= Swithun Lowe =

Singaporean educator (died 2007)

Lowe in 2007.

Swithun Lowe (1945 or 1946 – 22 October 2007) was a Singaporean educator and union leader who served on the Central Committee of the National Trades Union Congress and as the secretary-general of the Singapore Teachers' Union.

==Early life and education==
Lowe was born in the mid-1940s. He received his secondary education at the St. Gabriel's Secondary School in the 1960s. He then studied at the Teachers' Training College. He also studied law. He took the Cambridge Higher School Certificate examinations as a private candidate in 1972.

==Career==
Lowe began his career as a primary school teacher after graduating from the Teachers' Training College in the mid-1960s. He taught English. He began volunteering part-time for the Singapore Teachers' Union (STU). He was elected to the committee of the Catholic Teachers' Movement in 1972. After nine years as a teacher, he resigned in 1973 to work for the STU full-time, being elected the assistant treasurer in June 1973. The year after, he was elected the union's deputy general-secretary and was acting as the general-secretary in November. In April 1975, Lowe was elected to the committee of the National Book Development Council of Singapore. From 1982 to 1984, he served on the National Trades Union Congress (NTUC) Youth Committee. By November 1988, he was the STU's assistant secretary. He was again the deputy general-secretary by June 1992.

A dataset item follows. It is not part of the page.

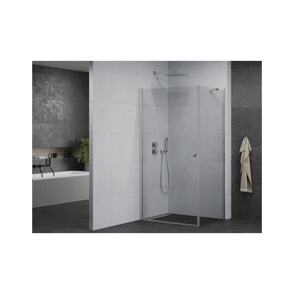 Představujeme Vám model řady Pretoria od výrobce Mexen. Sprchový kout je vyroben z velmi odolného a mimořádně bezpečného kaleného skla o tloušťce 6 milimetrů. Profil je vyroben z hliníku s chromovou úpravou. Dveře jsou vybaveny kovovým madlem a jsou 1-křídlé otevíravé. Montáž je univerzální, lze osazení na levou nebo pravou stranu. Sklo má povlak pro snadné čištění (easy-clean) a je dostupné v mnoha šířkách pro různé montážní otvory. Vyrovnávání nerovností stěny je také součástí funkce kabiny (max. 1,5cm v hliníkovém profilu). Model lze namontovat na sprchovou vaničku i přímo na dlažbu. Výška kabiny je 190 centimetrů. Sada obsahuje sadu těsnění pro odvodnění vody a hliníkový práh, který utěsňuje dveře. Tento sprchový kout se skládá ze dvou částí: první částí jsou sprchové dveře Pretoria a druhá část je pevné sklo, které jsou navzájem propojeny magnetickou lištou po zavření sprchového koutu.

In April 2000, Lowe was elected to the Central Committee of NTUC. The STU was then one of the larger labour unions in the country, with over 13,000 members. In that same year, he became a member of the NTUC Membership Council, the NTUC Industrial Relations Committee (Public Sector) and the PSC Workers' Advocate Panel for Disciplinary Inquiries. He was additionally appointed the chair of the NTUC Membership Committee (Public Sector). Lowe was elected the STU's general-secretary in 2001. In 2002, he was appointed the chair of the NTUC Club Paradigm Advisory Committee. In 2003, while catching up with an old friend of his, educational media publisher and former Member of Parliament R Sinnakaruppan, the latter agreed to partner with the STU to publish the monthly Quest magazine, which was aimed at children and young teenagers. The idea to publish such a magazine had first been proposed three decades ago, but, until Sinnakaruppan had agreed to the proposition, STU "didn't have the means or network to do it."

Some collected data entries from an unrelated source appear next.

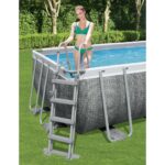 De Bestway Flowclear zwembadladder, ontworpen voor bovengrondse zwembaden, zorgt ervoor dat gebruikers het zwembad makkelijk en veilig kunnen betreden en verlaten.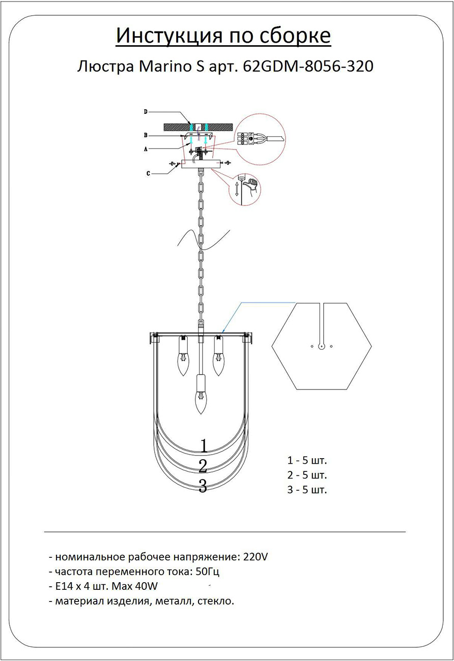 ?Способ крепления и установки люстры.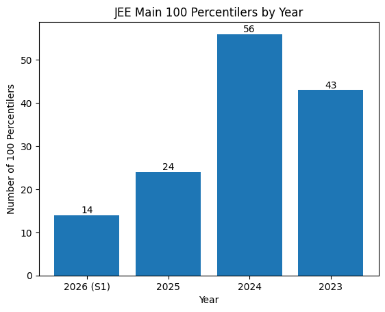 | Year | Topper Raw Marks (Approx) | No. of 100 Percentilers |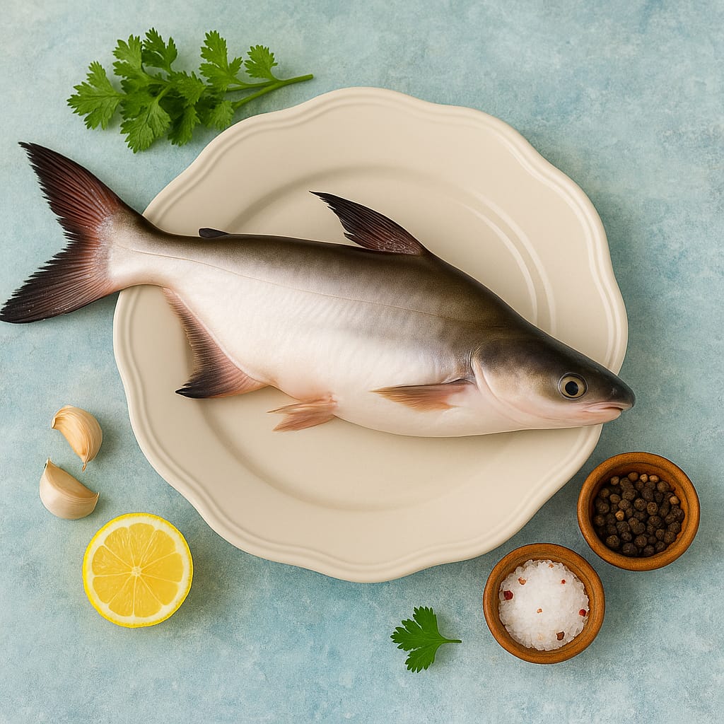 “Pangasius hai sabse no-fuss fish – bilkul seedha, boneless aur butter-soft. Iska taste mild, texture silky aur masale se friendship deep! Fry, grill, ya curry – har role mein fit. Ye gym wale bhaiyon ka bhi favourite hai – protein full, fat low aur taste 100%!”

Lowe became an Alternate Member of the NTUC Industrial Relations Committee (Public Sector) instead of a regular member in 2003. In 2004, he was appointed the head of the NTUC Education Cluster. He was conferred the Public Service Medal at the 2006 National Day Awards. Lowe resigned as STU general-secretary and from several of his posts in the NTUC in July 2007. He was succeeded as secretary-general by Edwin Lye. He was one of four prominent unionists with the NTUC who stepped down in that period to "make way for new and young blood." He continued with the STU as a senior consultant. He spent 34 years with the union in total.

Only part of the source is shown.